In his second ground of error, appellant contends that the trial court erred in refusing to allow defense counsel to inform the prospective jurors of the consequences of a verdict of not guilty by reason of insanity. Appellant argues that it is a denial of the effective assistance of counsel and a denial of due process to so restrict his counsel’s voir dire inquiry such that he is unable to inform the panel of the consequences of an insanity verdict and further unable to ascertain whether the consequences would affect the jurors’ deliberations.

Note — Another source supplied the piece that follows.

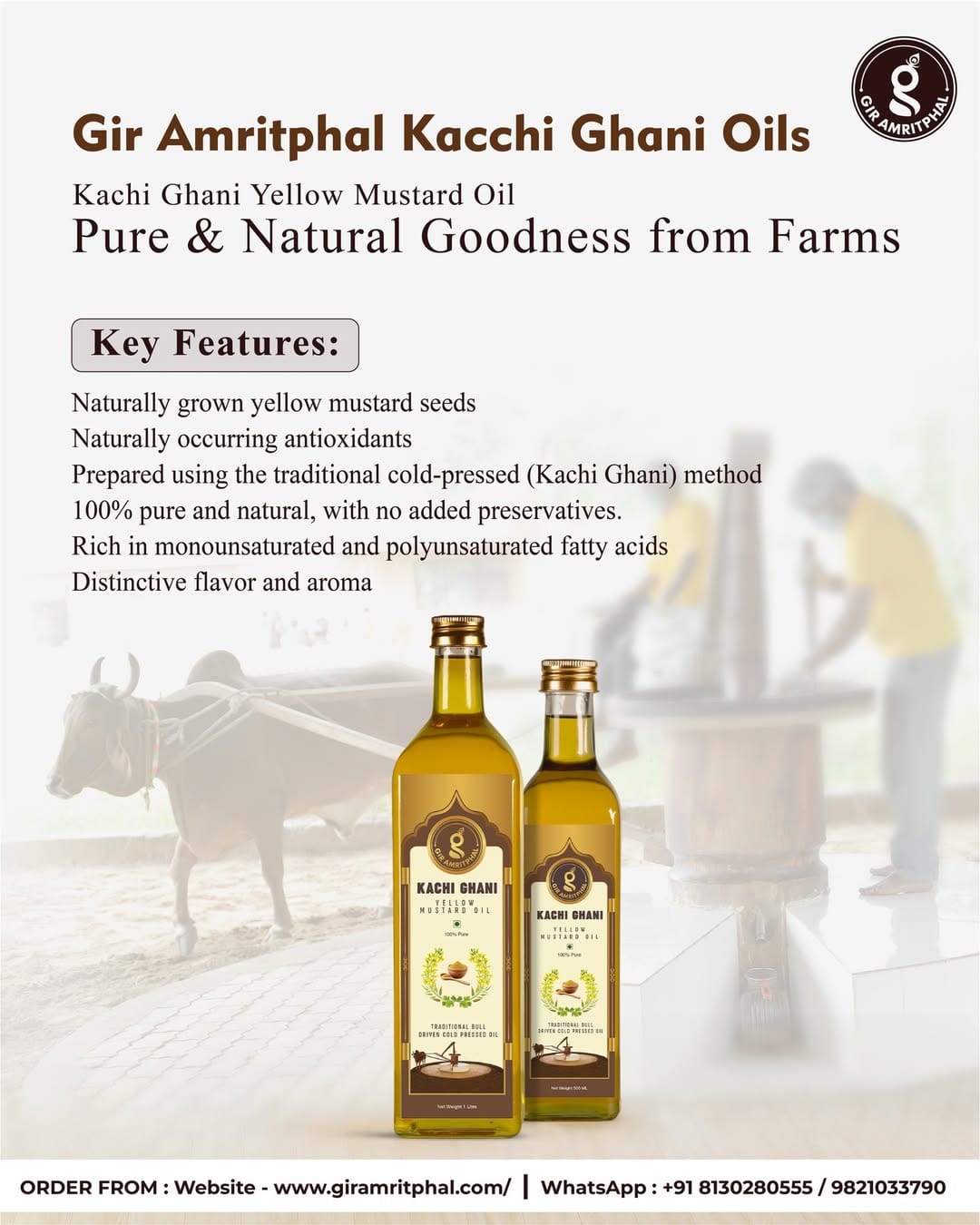 Discover the bold and invigorating taste of our Kachi Ghani Black Mustard Oil. Sourced from the finest naturally grown black mustard seeds cultivated on our own fertile lands, this oil is cold-pressed (Kachi Ghani) using traditional techniques to preserve its potent flavor profile and inherent nutritional value.

TEX.CODE CRIM.PROC.ANN. art. 46.-03, sec. 1(e) (Vernon Supp.1985) specifically prohibits the defendant’s attorney from informing a prospective juror of the consequences to the defendant if a verdict of not guilty by reason of insanity is returned. Before the enactment of this statute, several cases had already held that this information was not for the jury’s ears at any stage of the trial. Holder v. State, 643 S.W.2d 718, 721 (Tex.Crim.App.1982); Granviel v. State, 552 S.W.2d 107, 122 (Tex.Crim.App.1976), cert. denied, 431 U.S. 933, 97 S.Ct. 2642, 53 L.Ed.2d 250 (1977); Finch v. State, 638 S.W.2d 215, 217-18 (Tex.App.—Fort Worth), pet. dism’d, 643 S.W.2d 415 (Tex.Crim.App.1982).

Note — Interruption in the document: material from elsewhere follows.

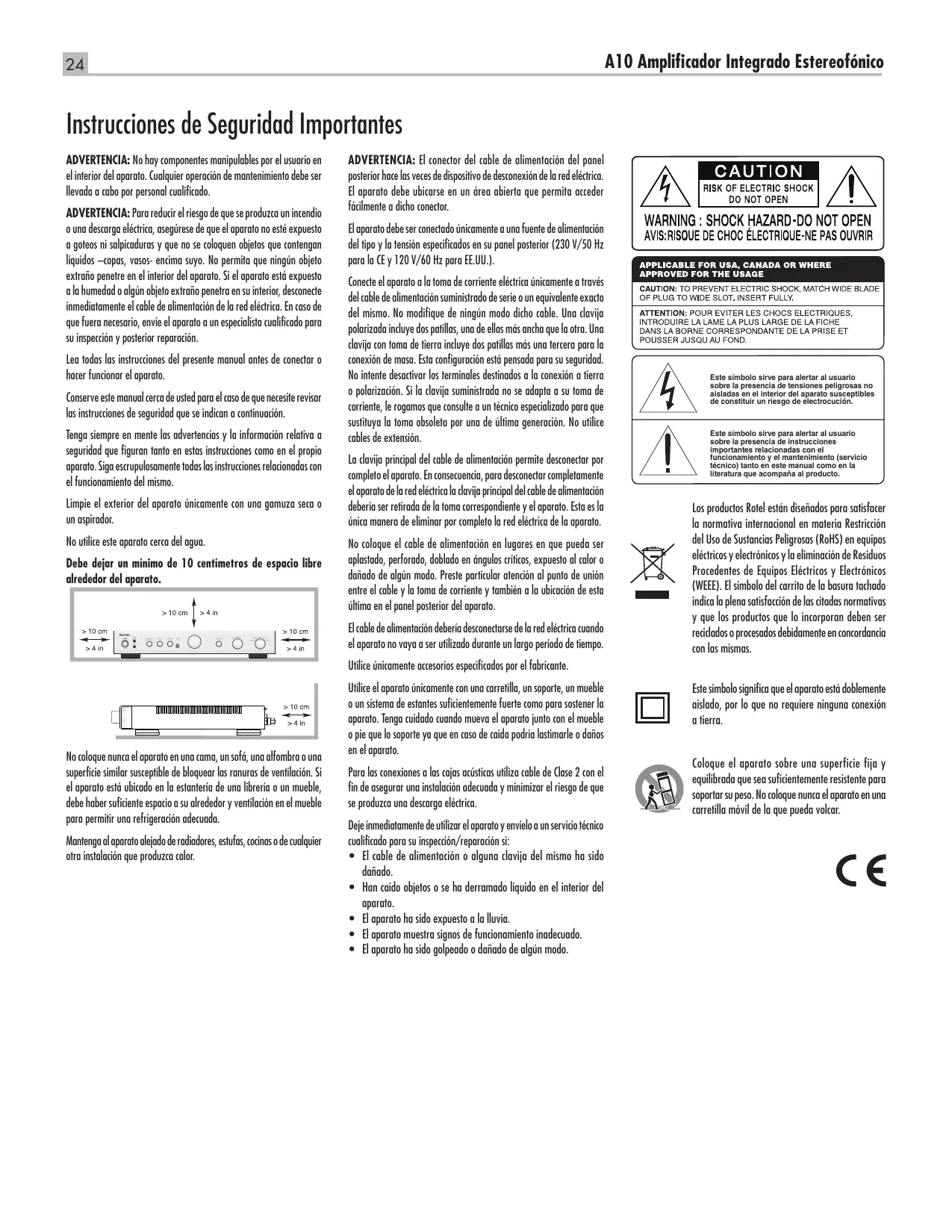 A10 ADVERTENCIA: El conector del cable de alimentación del panel posterior hace las veces de dispositivo de desconexión de la red eléctrica. El aparato debe ubicarse en un área abierta que permita acceder fácilmente a dicho conector. El aparato debe ser conectado únicamente a una fuente de alimentación del tipo y la tensión especificados en su panel posterior (230 V/50 Hz para la CE y 120 V/60 Hz para EE.UU.). Conecte el aparato a la toma de corriente eléctrica únicamente a través del cable de alimentación suministrado de serie o un equivalente exacto del mismo. No modifique de ningún modo dicho cable. Una clavija polarizada incluye dos patillas, una de ellas más ancha que la otra. Una clavija con toma de tierra incluye dos patillas más una tercera para la conexión de masa. Esta configuración está pensada para su seguridad. No intente desactivar los terminales destinados a la conexión a tierra o polarización. Si la clavija suministrada no se adapta a su toma de corriente, le rogamos que consulte a un técnico especializado para que sustituya la toma obsoleta por una de última generación. No utilice cables de extensión. La clavija principal del cable de alimentación permite desconectar por completo el aparato. En consecuencia, para desconectar completamente el aparato de la red eléctrica la clavija principal del cable de alimentación debería ser retirada de la toma correspondiente y el aparato. Esta es la única manera de eliminar por completo la red eléctrica de la aparato. No coloque el cable de alimentación en lugares en que pueda ser aplastado, perforado, doblado en ángulos críticos, expuesto al calor o dañado de algún modo. Preste particular atención al punto de unión entre el cable y la toma de corriente y también a la ubicación de esta última en el panel posterior del aparato. El cable de alimentación debería desconectarse de la red eléctrica cuando el aparato no vaya a ser utilizado durante un largo período de tiempo. Este símbolo sirve para alertar al usuario sobre la presencia de tensiones peligrosas no aisladas en el interior del aparato susceptibles de constituir un riesgo de electrocución. Este símbolo sirve para alertar al usuario sobre la presencia de instrucciones importantes relacionadas con el funcionamiento y el mantenimiento (servicio técnico) tanto en este manual como en la literatura que acompaña al producto. Los productos Rotel están diseñados para satisfacer la normativa internacional en materia Restricción del Uso de Sustancias Peligrosas (RoHS) en equipos eléctricos y electrónicos y la eliminación de Residuos Procedentes de Equipos Eléctricos y Electrónicos (WEEE). El símbolo del carrito de la basura tachado indica la plena satisfacción de las citadas normativas y que los productos que lo incorporan deben ser reciclados o procesados debidamente en concordancia con las mismas. Utilice únicamente accesorios especificados por el fabricante. No coloque nunca el aparato en una cama, un sofá, una alfombra o una superficie similar susceptible de bloquear las ranuras de ventilación. Si el aparato está ubicado en la estantería de una librería o un mueble, debe haber suficiente espacio a su alrededor y ventilación en el mueble para permitir una refrigeración adecuada. Mantenga al aparato alejado de radiadores, estufas, cocinas o de cualquier otra instalación que produzca calor. Utilice el aparato únicamente con una carretilla, un soporte, un mueble o un sistema de estantes suficientemente fuerte como para sostener la aparato. Tenga cuidado cuando mueva el aparato junto con el mueble o pie que lo soporte ya que en caso de caída podría lastimarle o daños en el aparato. Para las conexiones a las cajas acústicas utiliza cable de Clase 2 con el fin de asegurar una instalación adecuada y minimizar el riesgo de que se produzca una descarga eléctrica. Deje inmediatamente de utilizar el aparato y envíelo a un servicio técnico cualificado para su inspección/reparación si:
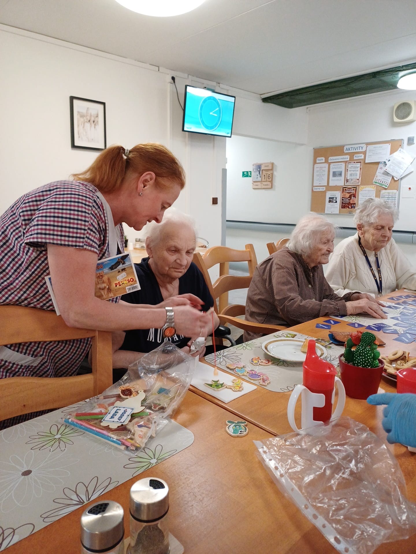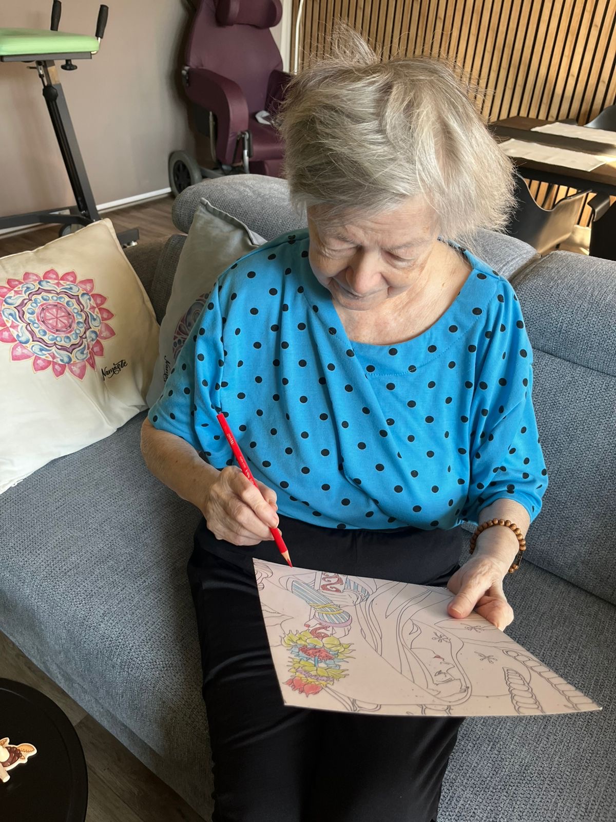 Klientka paní Věra si společně s pečovatelkou Maruškou užily klidné a příjemné odpoledne při hře a výtvarných činnostech. Společný čas byl zaměřen na podporu jemné motoriky, soustředění a radosti z tvoření, zároveň přispěl k posílení vzájemného kontaktu a dobré nálady klientky.

The Texas Court of Criminal Appeals has consistently held that the trial court has wide discretion over the course of the voir dire of the jury panel. See, e.g., Smith v. State, 676 S.W.2d 379, 384 (Tex.Crim.App.1984); Garcia v. State, 581 S.W.2d 168, 176 (Tex.Crim.App.1979). The determination of abuse of discretion by a trial court, of necessity, must be made on a case by case basis to ascertain whether the defendant has been harmed by the restriction of his voir dire.

In the instant case the appellant’s counsel conducted a thorough and professional voir dire. All of the veniremen who eventually became members of the jury were thoroughly examined. The appellant’s attorney never formally requested permission to inform the potential jurors of the consequences of an insanity verdict or objected to not being allowed to do so. Under these circumstances, we hold that the trial judge did not abuse his discretion by restricting the voir dire of the appellant, nor did it cause the appellant to receive ineffective assistance of counsel or deny him due process of law. Accordingly, we overrule appellant’s second ground of error.

Appellant’s third ground of error complains of the action of the trial court in permitting a witness to testify in violation of the rule. The witness was called to rebut the testimony of appellant’s wife, and her presence in the courtroom during that testimony was unknown to the prosecuting attorney, who had never met the witness.